Kenya's largest referral hospital is on high alert after a woman with symptoms of hemorrhagic fever died on arrival at the Nairobi facility, where she had been rushed for treatment.
Doctors say 29-year old Gladys Muthoni was bleeding from the nose, ears and mouth when she arrived at Kenyatta National Hospital in a taxi at around 10 a.m. local time Thursday and died shortly after. They say she had been working at a hotel in the center of the Kenyan capital.
Kenyan medical authorities have isolated the three people who accompanied the woman in the taxi, including her father, a friend and the taxi driver. A doctor at the hospital, Masika Wafula, says the facility is taking all precautions because the woman's symptoms indicate that her disease was not common.
Wafula declined to say whether she had contracted the Ebola virus that causes hemorrhagic fever, a disease with mortality rates of up to 90 percent.

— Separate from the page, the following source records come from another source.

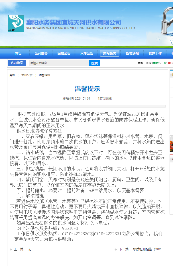 近日,我市出現(xiàn)強降雪天氣,極端低溫天氣易造成供水管網(wǎng)、水表、水龍頭等設(shè)施的凍損,影響市民用水安全。為保障全市供水安全穩(wěn)定,宜城天河供水公司堅持提前部署、預(yù)防為主、及時搶修原則,扎實做好寒潮及春節(jié)期間保障供水的防御和應(yīng)對措施準(zhǔn)備。
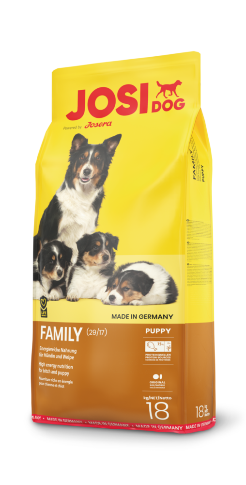 JOSERA JosiDog Family це особливий корм, з невеликою формою крокет, для сук та їхніх цуценят. Особлива безглютенова формула, з найкращими поживними речовинами, сприяє збалансованій дієті та здоровому розвитку цуценят.
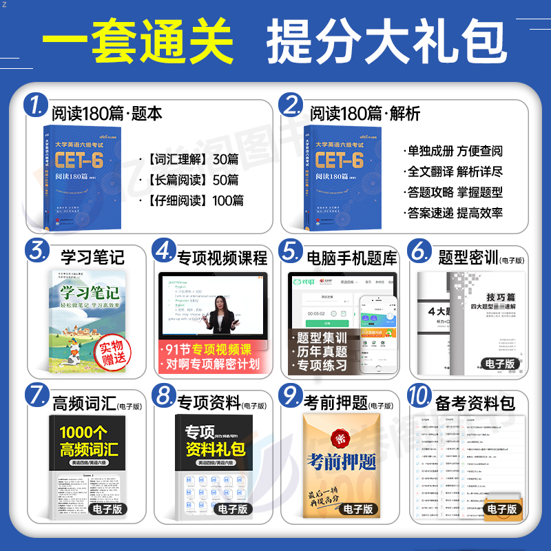 备考2025年12月大学英语六级考试阅读理解180篇写作120词汇书四六级历年真题库试卷46证学习资料巨微6单词作文理解专项训练模拟卷

Experts from the Kenya Medical Research Institute and the U.S. Centers for Disease Control and Prevention were called in to carry out tests to determine the cause of her death.
Nairobi's Capital News radio says authorities also have sent medical personnel to the hotel where the woman worked and to her home for further analysis.
A 12-year old girl died of Ebola in neighboring Uganda in May. The case prompted Kenya's government to order health officials to be on alert for possible Ebola cases at border crossings between the two countries.